Show or link to CI config for CI each Job

As CI configurations become more complex, I find identifying where a job was defined more important. We use included pipelines/jobs quite often which sometimes makes tracking down the CI config a chore. It would be really neat if on a CI Job it pointed to the .gitlabci.yaml file that defined the job. Especially when the .gitlabci.yaml is not in the repo. E.G. Compliance pipelines or an included pipeline.

Here is an example pipeline I was trying to follow for a debian package I wanted to build myself…

https://salsa.debian.org/ribalda/ugrep/-/jobs/4133156

I can’t for the life of me figure out where that job is defined, the root repo doesn’t even have a .gitlabci.yaml in it. I assume this is a compliance pipeline defined at the org level but IDK.

Anyhow our team uses included pipelines that can make it equally interesting to try and tack down where a job came from… especially if an included job overrides another job.

Anyone know if there is a way to do what I’m wanting for a particular job in a pipeline?

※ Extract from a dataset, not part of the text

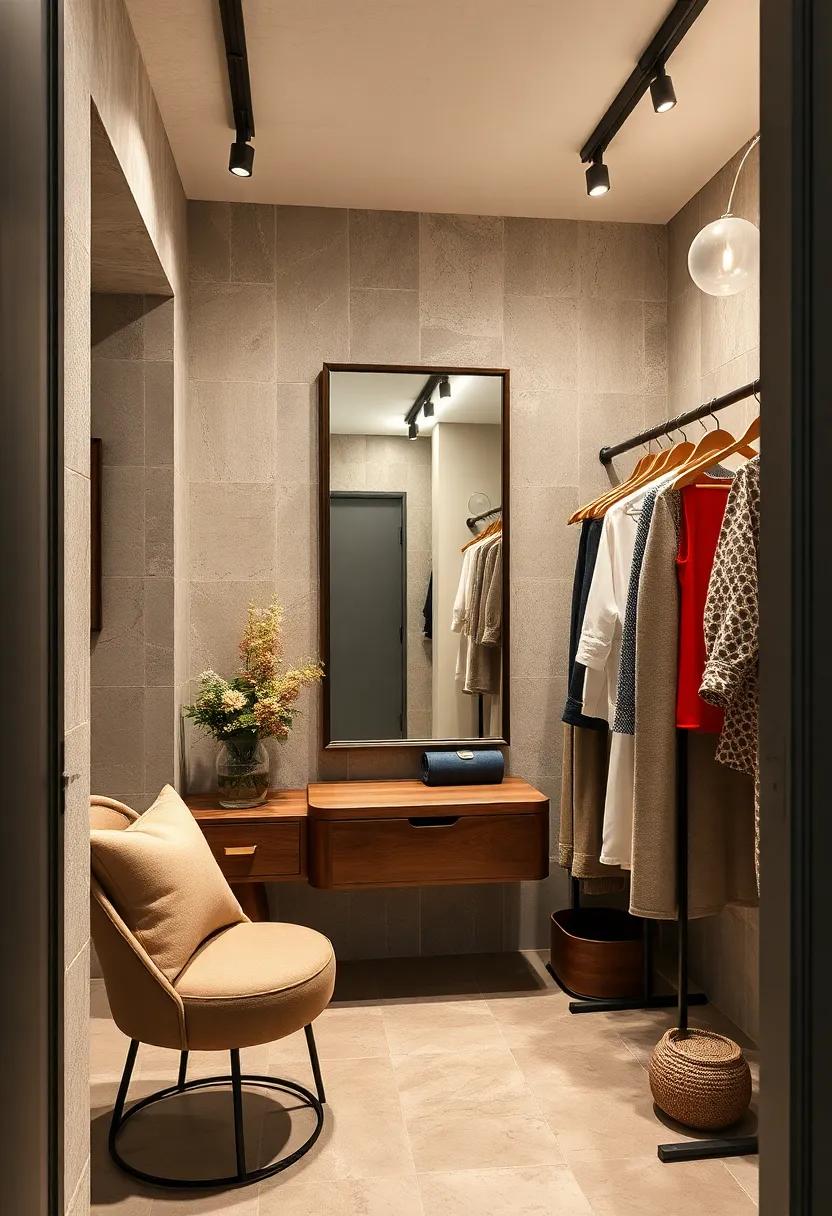 A luxe dressing room complete with an industrial-inspired mirror and chic clothing racks, providing the perfect blend of function and style
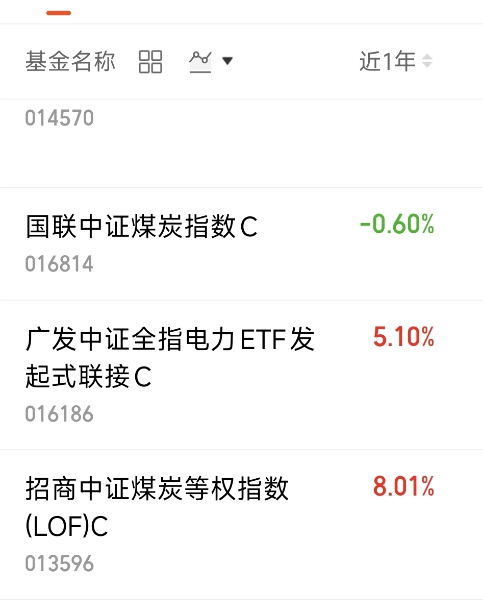 $国联中证煤炭指数C$ 近一年-0.6%。

This could get easily out of hands, because you can override jobs in includes and you can have nested includes. So in theory a job can be defined in ci1.yaml which is included in ci2.yaml and overridden which is included in ci3.yaml and overridden again.

ci1.yaml:

job1:
  stage: test
  script:
    - echo hello
---
ci2.yaml:

include: 'ci1.yaml'

job1:
  image: ubuntu
  before_script:
    - echo before
---
ci3.yaml

include: 'ci2.yaml'

job1:
  image: debian
  script:
    - echo world

now in which “CI file” is the job configured?

Common approach is to name the jobs accordingly, so if your include is named “security” you could just name the job “security:job1”. Or use dedicated stages for included jobs.

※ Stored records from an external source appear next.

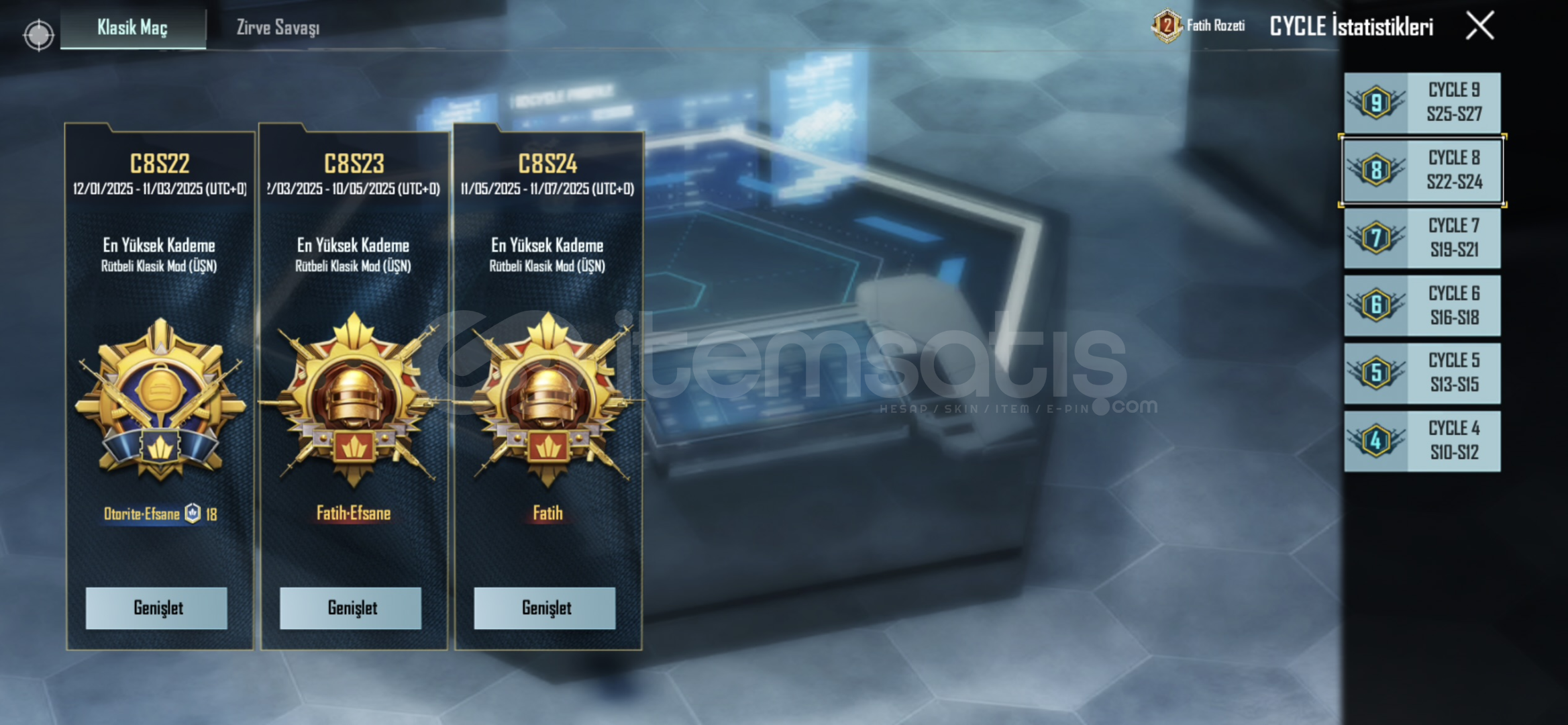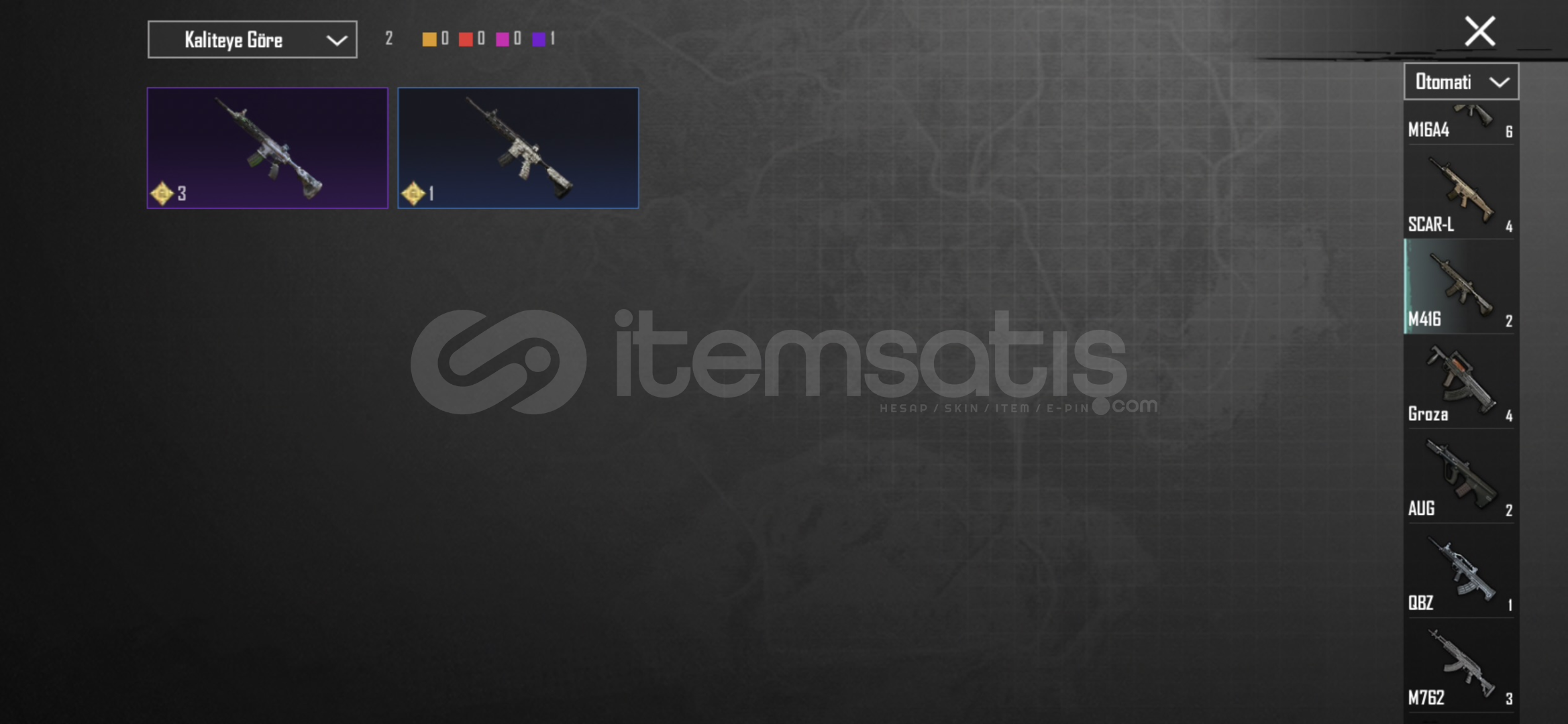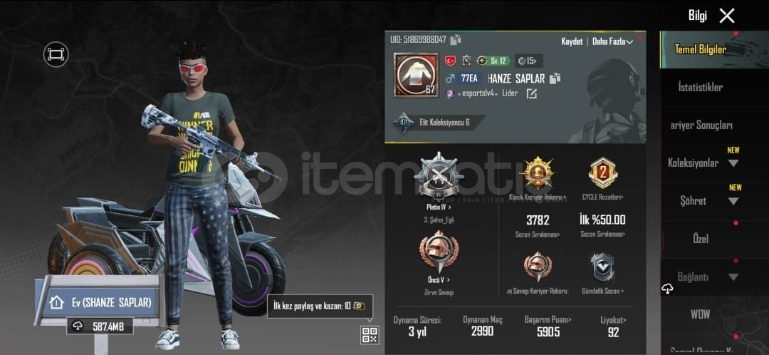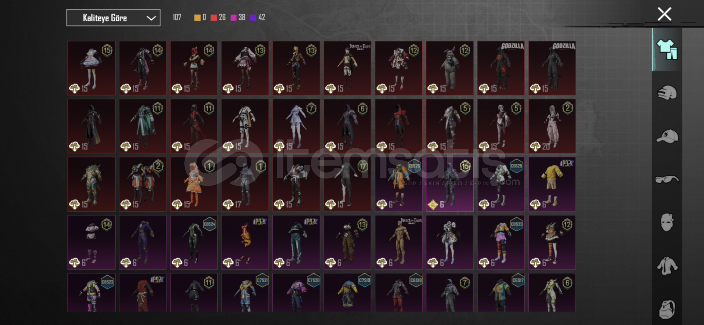 15 yükseltilebilir silah42 destansı126 tane silah deseniHesabımda kombinlik eşyalar vardırölü bağ yoktur67 seviye2 kere fatih oldu
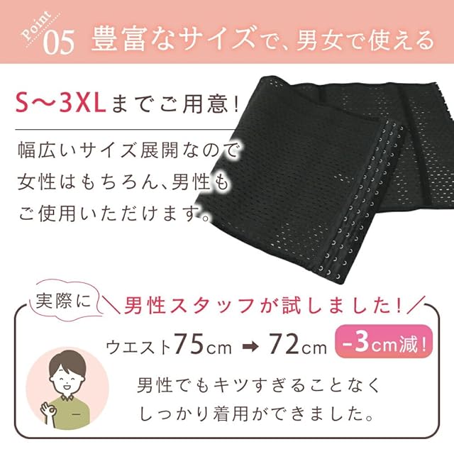 【男女兼用&豊富なサイズ展開】 S〜3XLまでの幅広いサイズを用意しており、女性はもちろん男性でもしっかり装着できるユニセックス仕様。実際にウエスト75cmの男性スタッフが着用し72cmまで引き締められた実績もあり、男性のボディライン補整や姿勢サポートにも活用可能。お腹まわりを引き締めたいけど市販品が合わなかった方にもおすすめで、夫婦や家族で共有も可能。毎日無理なく使える伸縮性と調整機能で、性別・年齢を問わず多くの人にフィット
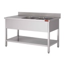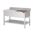 Plonges en acier inoxydable avec étagère basse et dosseret. Dessus en inox 304 et pieds en inox 430. Hauteur de 850mm pouvant être augmentée jusqu'à 920mm grâce aux pieds réglables. Perçage...
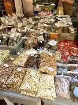 At the dry goods store, which sells bagged dried fruits and nuts, cashews and almonds cost around 150-300 baht per 100 grams, making them perfect as souvenirs.
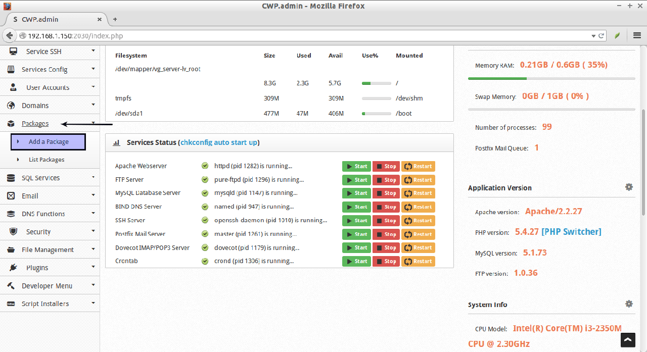 CWP有很多的特性和免费的服务。如我前面提到的一样,CWP会在你的服务器上自动安装全套的LAMP服务(apache,php,phpmyadmin,webmail,mailserver等等)。

EDIT: includes are always evaluated first, you can’t override local job with included one.

Agreed it can get out of hand, especially now with the compliance pipelines being triggered from outside your direct project. I think the answer should be that Gitlab keeps track of which thing overrode the other and then displays the source file in the job details and log view. Also we didn’t mention the ability to extend with templates. Having the ability to override and extend jobs etc. is a powerful way to make pipelines includable and modular within an organization, but it gets rather unwieldy when looking at a triggered pipeline. I think there should be a way to show where a thing is defined, even if it’s just a path/url to the file, and what rules triggered the job.

@dingus9

Welcome to the forum! There’s an open issue describing this type of functionality. It’s not currently scheduled. Feel free to comment with your use case and add a :+1: to show your support.

-James H, GitLab Product Manager, Analyze:Product Analtyics

I searched for a while trying to find such an issue, decided to run my thoughts here first before opening an issue. Thanks for pointing this one out!